┌─ Data
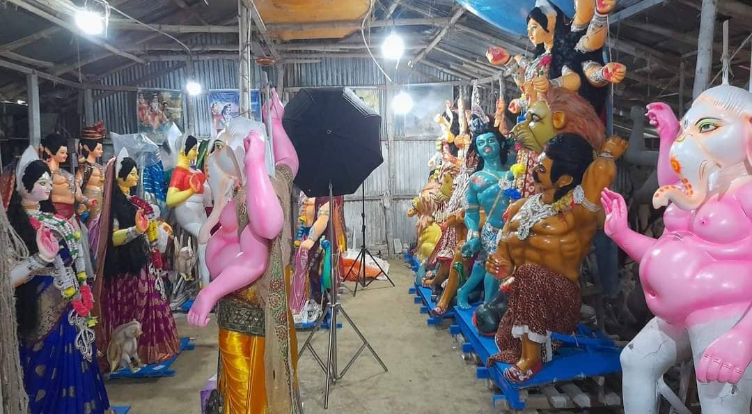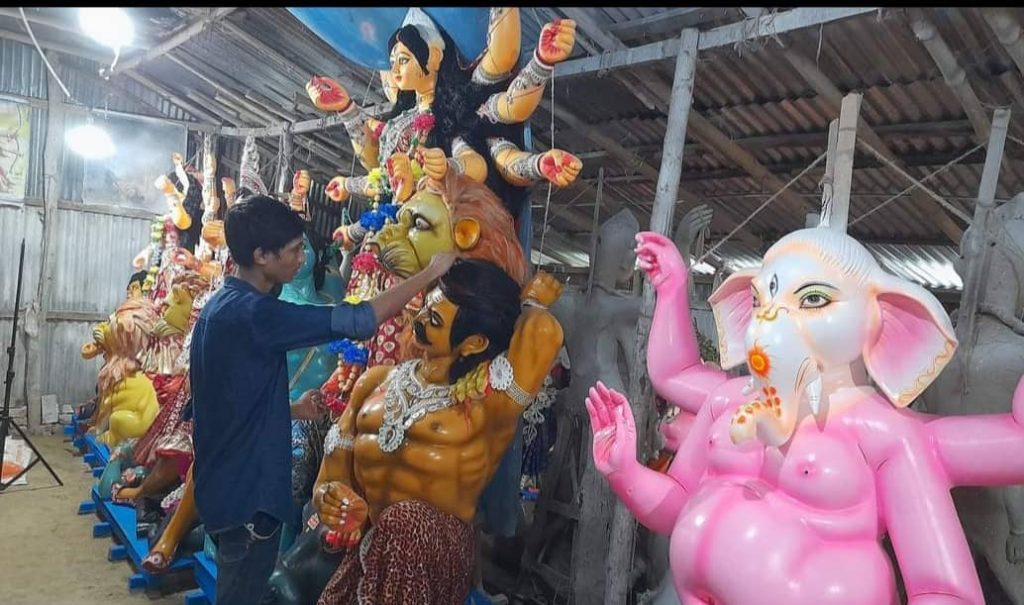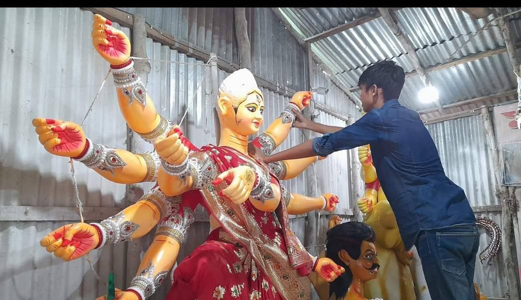 সনাতন ধর্মালম্বীদের বৃহৎ ধর্মীয় অনুষ্ঠান দুর্গোৎসব নিয়ে প্রতিটি পাড়া-মহল্লা চলছে সাঁজ-সাঁজ রব। পূজার আনন্দকে ভাগাভাগি করে নিতে পুজারী থেকে শুরু করে কর্মব্যস্ত সময় পার করছে দোকানিসহ প্রতিমা শিল্পীরা। আলোক সজ্জার সাথে মন্দিরে-মন্দিরে প্রতিমা শিল্পীর রঙ তুলির আচড়ে যেন জীবন্ত হয়ে উঠছে সু-দর্শন প্রতিমাগুলো। সব মিলিয়ে প্রতিটি এলাকাজুড়ে নেমে এসেছে মহাআনন্দের ছোয়া। তবে এক্ষেত্রে সকল আনন্দকে সর্বোত্তম জায়গায় এগিয়ে নিতে সর্বশেষ পরিশ্রম মূলে রয়েছে প্রতিমা তৈরির শিল্পীরা।
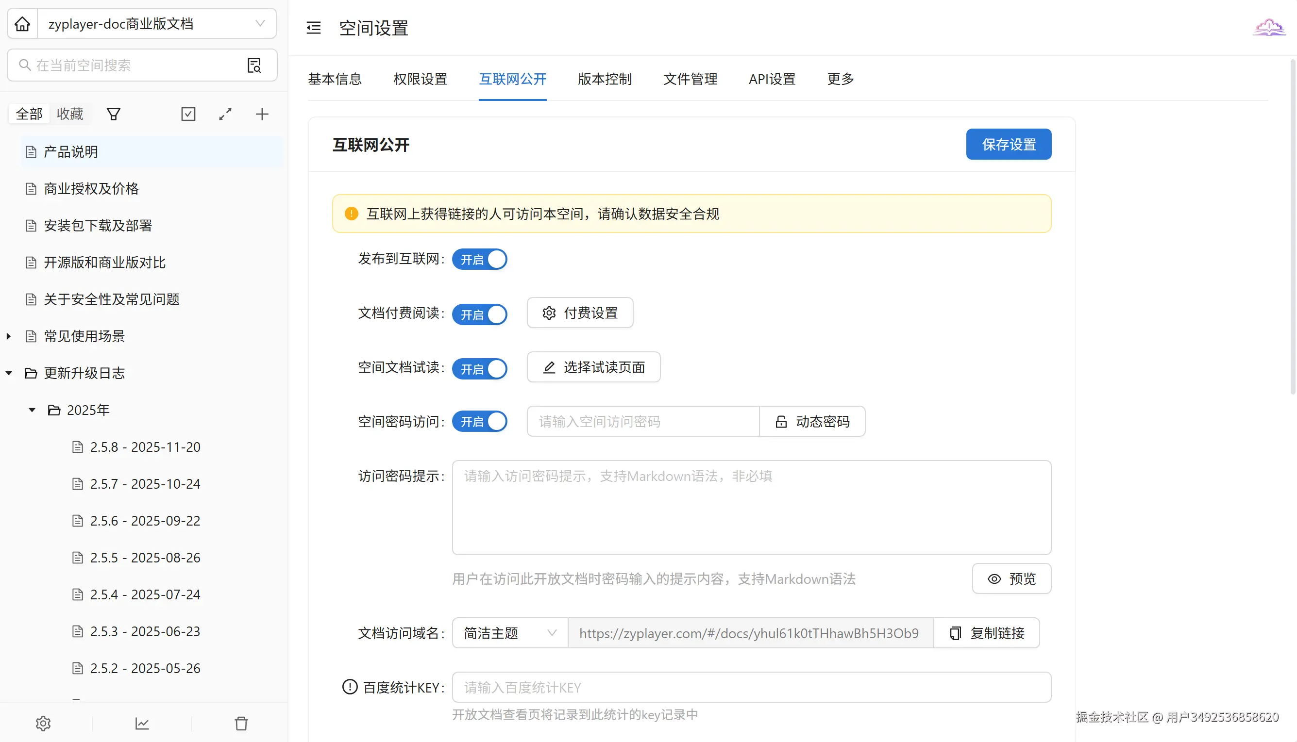 - 多方式公开设置:支持单文档、目录、空间、文集等公开方式,适配不同传播需求。如产品宣传资料设单文档公开供客户访问,技术博客以文集形式公开方便系列浏览。
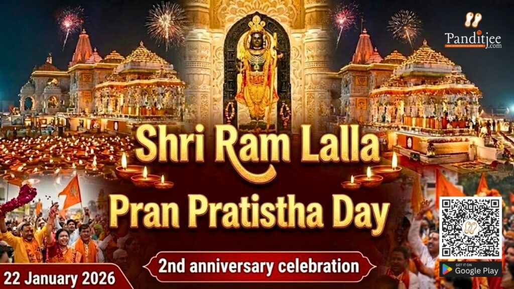 जो श्रद्धालु श्री रामलला प्राण प्रतिष्ठा दिवस 2026 के अवसर पर पूजा, हवन या विशेष अनुष्ठान कराना चाहते हैं, वे अब Panditjee App के माध्यम से घर बैठे अनुभवी पंडितों की बुकिंग कर सकते हैं।
└─
● **Exercise goal**
Find the line containing "- 多方式公开设置:支持单文", then extract it and every line after it to the end of the data above, exactly and nothing else, without pictures.

● **Result for this exercise**
 - 多方式公开设置:支持单文档、目录、空间、文集等公开方式,适配不同传播需求。如产品宣传资料设单文档公开供客户访问,技术博客以文集形式公开方便系列浏览。
 जो श्रद्धालु श्री रामलला प्राण प्रतिष्ठा दिवस 2026 के अवसर पर पूजा, हवन या विशेष अनुष्ठान कराना चाहते हैं, वे अब Panditjee App के माध्यम से घर बैठे अनुभवी पंडितों की बुकिंग कर सकते हैं।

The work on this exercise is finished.